Another client of Nationwide Recovery Services has announced they were affected by the vendor’s breach. Robert Sorrell reports:
BRISTOL, Tenn. — A data breach at a third-party vendor used by the city of Bristol, Tennessee, may have exposed sensitive personal information of residents whose accounts had been turned over for collection.
During a City Council work session Tuesday evening, officials said approximately 6,000 letters will be sent to people notifying them of the breach and offering complimentary identity protection services. The breach occurred last summer but was not disclosed to the city until February 2025, city attorney Danielle Smith said Tuesday.
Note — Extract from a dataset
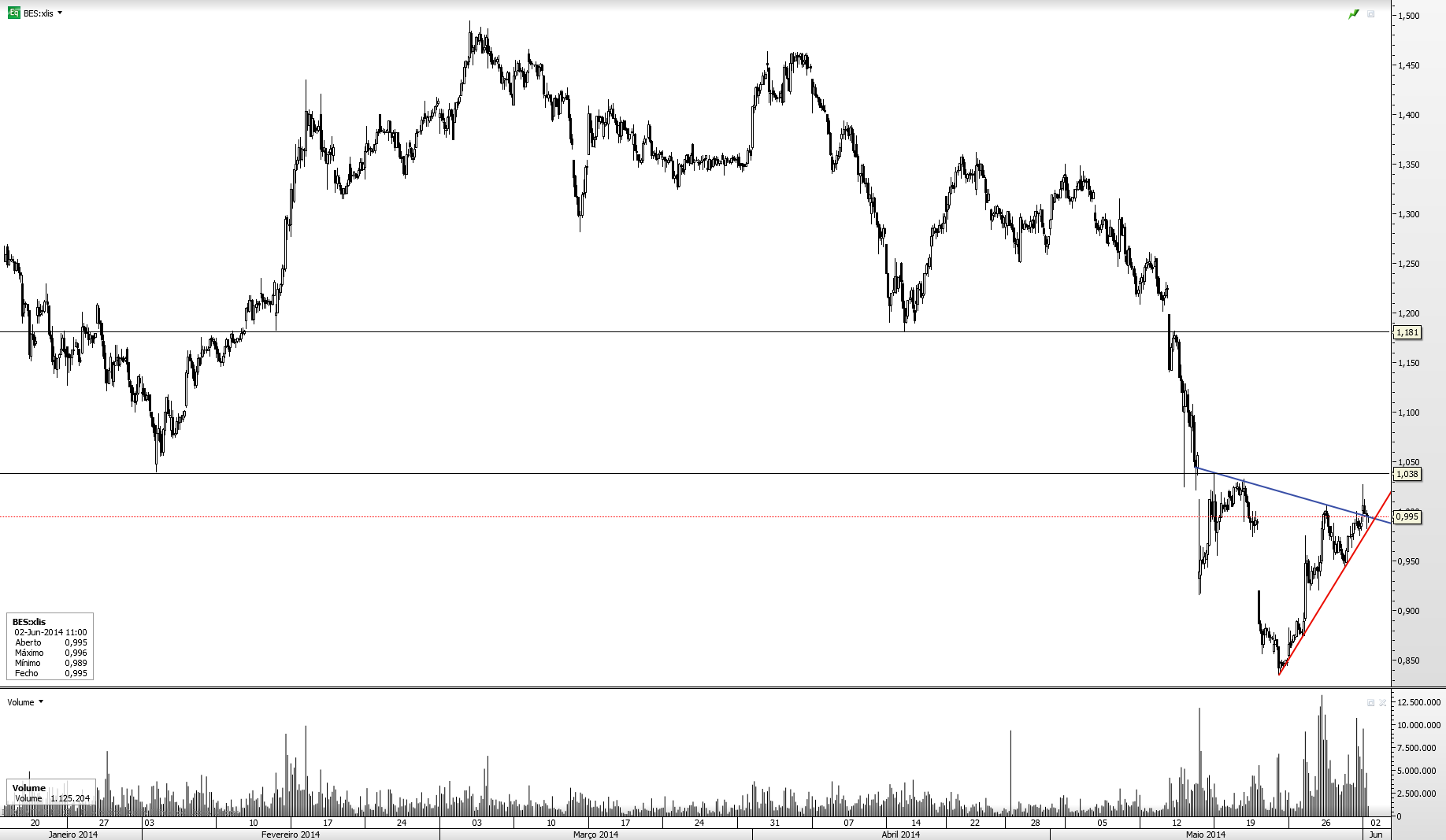 É de facto estranho. A minha posição curta foi stopada naquele spike manhoso... Desisto de shortar o BES. Provavelmente agora que sai, ele começa a descer

The third-party vendor, Nationwide Recovery Services, provided collection services for the city’s utility, municipal court, EMS and ambulance billing, and general billing operations. According to a legal notice posted on the city website on Tuesday, an unauthorized third party attempted to infiltrate NRS’ computer network on or around July 11, 2024.
Read more at Bristol Herald Courier.
Chattanooga, Tennessee was also affected, and sent out 836 letters. As the Chattanooga Times Free-Press reported on April 24:
Nationwide informed the city of the breach in February, Holl said in an April 4 release. In the February notice, Nationwide representatives said that they had first informed the city of a problem with the data’s security in July. The debt collector reported the breach to the Federal Trade Commission in September. Representatives of Kelly’s office have said that they learned of the breach April 4.
The city this month withdrew a contract with Nationwide and is now seeking a new contractor to handle its debt services.